Rebels have stormed into Syria’s second city, Aleppo, after launching a blitzkrieg attack that poses the biggest threat to Bashar al-Assad’s regime in years.
The Syrian army said on Saturday that rebel forces “were able to penetrate large areas of the city of Aleppo, but were unable to secure their strongholds due to continued strong and targeted attacks by our forces.”
It added that it was preparing for a counterattack and that its forces had been engaged in “heavy fighting” in recent days across a 100-kilometer (100-kilometre) area.
Rebels led by the Islamist group Hayat Tahrir al-Sham said on Saturday that its fighters had taken control of dozens of towns and regime air bases in a multidirectional advance from their stronghold in northwestern Syria’s Idlib province.
Images circulated on rebel-linked social media show rebels posing in front of the citadel in the center of Aleppo, which launched an offensive on Wednesday.
The attack comes as Assad faces increasing internal and external pressure in a country torn apart by civil war that erupted after a 2011 uprising. He was able to crush the initial uprising with military support from Russia, Iran, and Iranian-backed groups, including the Lebanese extremist movement Hezbollah.
Fighting in Syria’s civil war has diminished significantly in recent years, with the remaining rebel groups pushed into northern and northwest Syria near the Turkish border.

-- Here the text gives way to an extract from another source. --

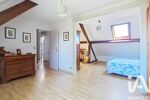 A l’étage, un palier dessert deux chambres avec la possibilité d’en créer une troisième, ainsi que de nombreux rangements grâce aux placards sous pente et un dressing. Une salle de bains complète ce niveau et bénéficie d’un WC séparé, très pratique au quotidien.

But over the past year, Israel has launched attacks against Hezbollah in Lebanon and stepped up airstrikes against Iranian-linked targets in Syria, weakening the group that has played a key role in supporting the Assad regime. The Israeli military said on Saturday that it had attacked “military infrastructure” linked to Hezbollah in Syria near the Lebanese border.
HTS’ ability to fight inside Aleppo is a devastating blow to Assad and highlights the regime’s weakness.
“This is very serious for Assad,” said Syria analyst Malik al-Abdeh. “Israel’s attacks on Iran and Hezbollah have created an opportunity for this to happen. The prolonged war of attrition between Israel and Iran has clearly taken a toll on Iran’s ability to deploy and fight in Syria.”
He added that HTS has been planning the attack for months and is working with Turkish-backed forces known as the Syrian National Army, which is not yet fully deployed.
“The people in the regime areas are very demoralized and hopeless and will welcome any challenge to the Syrian regime,” Abdeh said. “And the Syrian army is no longer prepared to die for the regime.”
The Syrian army said dozens of regime forces were killed in the fighting. It added that the scale of the rebel offensive forced the military to carry out a temporary “redeployment operation” aimed at strengthening defenses and enabling preparations for a counterattack.
The British-based Syrian Observatory for Human Rights said the HTS had captured more than half of Aleppo in just a few hours “without resistance from regime forces.”
The United Nations and the Syrian Observatory for Human Rights say the fighting has displaced large numbers of civilians in Aleppo and the surrounding countryside.
Aleppo was the scene of some of the heaviest fighting of the civil war. After laying siege to the city, aided by relentless Russian bombing, they drove out rebel forces based in Aleppo’s eastern neighborhoods. This tilted the war in Assad’s favor.
Emir Hokayem of the International Institute for Strategic Studies said Assad’s government “still has the manpower, airpower and external support.”
“But the loss of Aleppo is a monumental loss that shakes the confidence of regime loyalists,” Hokaim said.
“President Assad thought he was back in the geopolitical game because other countries wanted to normalize relations with him. succeeded in reminding everyone of the erosion of legitimacy.
HTS, led by Abu Mohammad al-Jolani, is an offshoot of Jabhat al-Nusra, an al-Qaeda affiliate that emerged during Syria’s civil war, but is trying to rebrand itself as a more moderate Sunni Islamic force.
It is listed as a terrorist organization by the US State Department and controls one of the last rebel strongholds in Syria’s northwestern Idlib region. The HTS is the most powerful fighting force of the remaining rebel factions.
Neighboring Turkey, which has supported Syrian rebels since the start of the Arab nation’s civil war, also has troops stationed in northern Syria, controls vast swathes of territory and supports other rebel groups.
The Turkish government has ties to HTS, and although it has less control over the armed groups and Idlib, it has ultimately acted as the region’s protector.
Crisis Group adviser Dareen Khalifa said the Turkish government did not encourage the initial HTS attacks.
But she said the group’s battlefield victories meant Turkey could move allied forces into areas in Aleppo province that are home to Iran and the Kurdish separatist Kurdistan Workers’ Party (PKK), which has been fighting the Turkish state for decades. He added that the opportunity arose to do so. It has a strong presence.
“It is definitely in Turkey’s interests. This region is a big security headache for them,” she said.
“That’s where the PKK has built a safe haven, under a kind of protection from Iran and Russia. It’s very close to Turkish-controlled territory and completely within their reach.”